What should be copied is the stretch of entries below from the line with "晨光 23/23号厚层订书钉 易穿透订书针" up to and including the line with "ESD finger tip", exactly and without images.

_GIVEN INFORMATION:_
== == ==

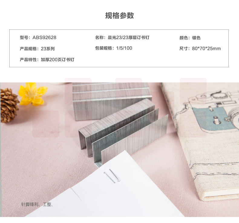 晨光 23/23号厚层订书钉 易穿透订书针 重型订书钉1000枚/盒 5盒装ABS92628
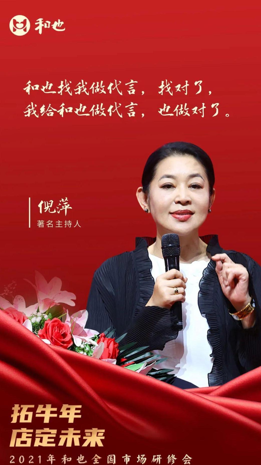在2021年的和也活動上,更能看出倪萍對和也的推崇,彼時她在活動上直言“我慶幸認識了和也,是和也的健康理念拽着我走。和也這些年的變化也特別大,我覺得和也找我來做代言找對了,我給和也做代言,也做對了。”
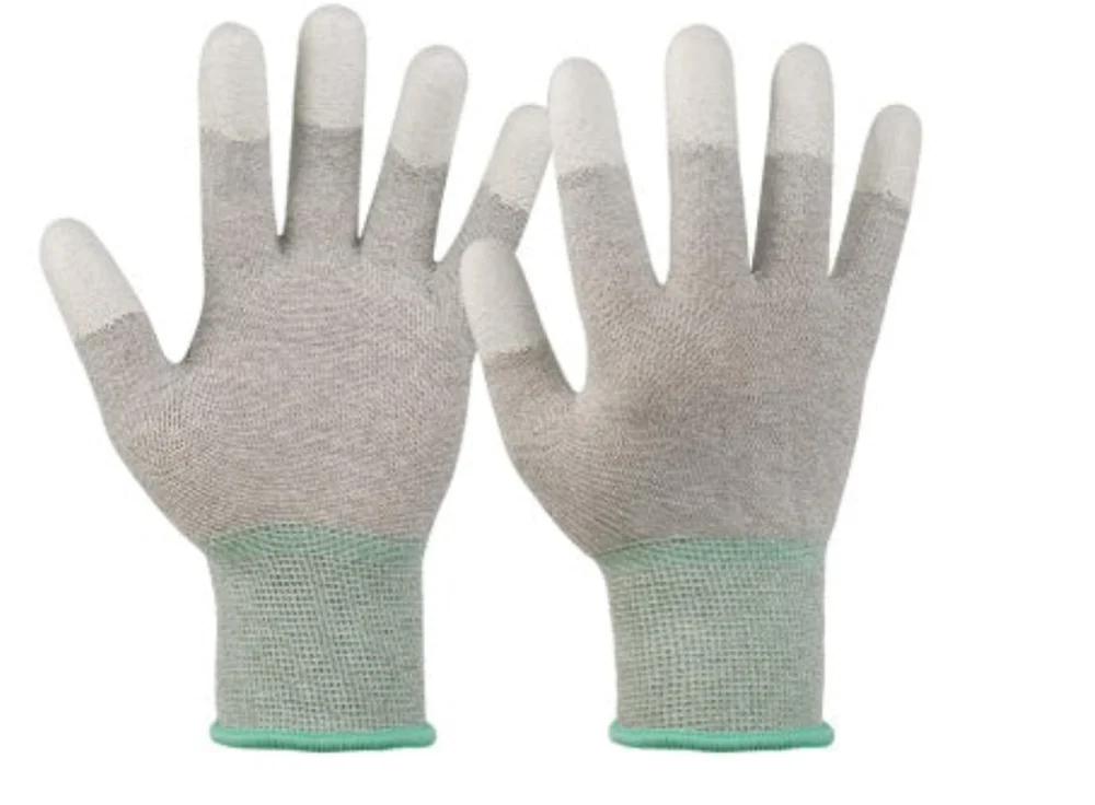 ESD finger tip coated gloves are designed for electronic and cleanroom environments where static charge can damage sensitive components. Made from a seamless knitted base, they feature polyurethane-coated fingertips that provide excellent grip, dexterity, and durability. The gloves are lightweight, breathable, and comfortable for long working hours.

== == ==

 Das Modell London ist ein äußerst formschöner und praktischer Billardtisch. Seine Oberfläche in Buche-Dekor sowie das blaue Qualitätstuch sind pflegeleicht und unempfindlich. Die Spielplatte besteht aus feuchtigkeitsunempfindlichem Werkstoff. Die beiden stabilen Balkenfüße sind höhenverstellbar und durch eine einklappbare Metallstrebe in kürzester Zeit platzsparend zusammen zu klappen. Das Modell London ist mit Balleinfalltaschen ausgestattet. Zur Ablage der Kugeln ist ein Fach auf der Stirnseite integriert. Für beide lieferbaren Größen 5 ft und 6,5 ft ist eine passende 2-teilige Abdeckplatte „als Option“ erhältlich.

== == ==

_ANSWER TO THE PROBLEM:_
 晨光 23/23号厚层订书钉 易穿透订书针 重型订书钉1000枚/盒 5盒装ABS92628
在2021年的和也活動上,更能看出倪萍對和也的推崇,彼時她在活動上直言“我慶幸認識了和也,是和也的健康理念拽着我走。和也這些年的變化也特別大,我覺得和也找我來做代言找對了,我給和也做代言,也做對了。”
 ESD finger tip coated gloves are designed for electronic and cleanroom environments where static charge can damage sensitive components. Made from a seamless knitted base, they feature polyurethane-coated fingertips that provide excellent grip, dexterity, and durability. The gloves are lightweight, breathable, and comfortable for long working hours.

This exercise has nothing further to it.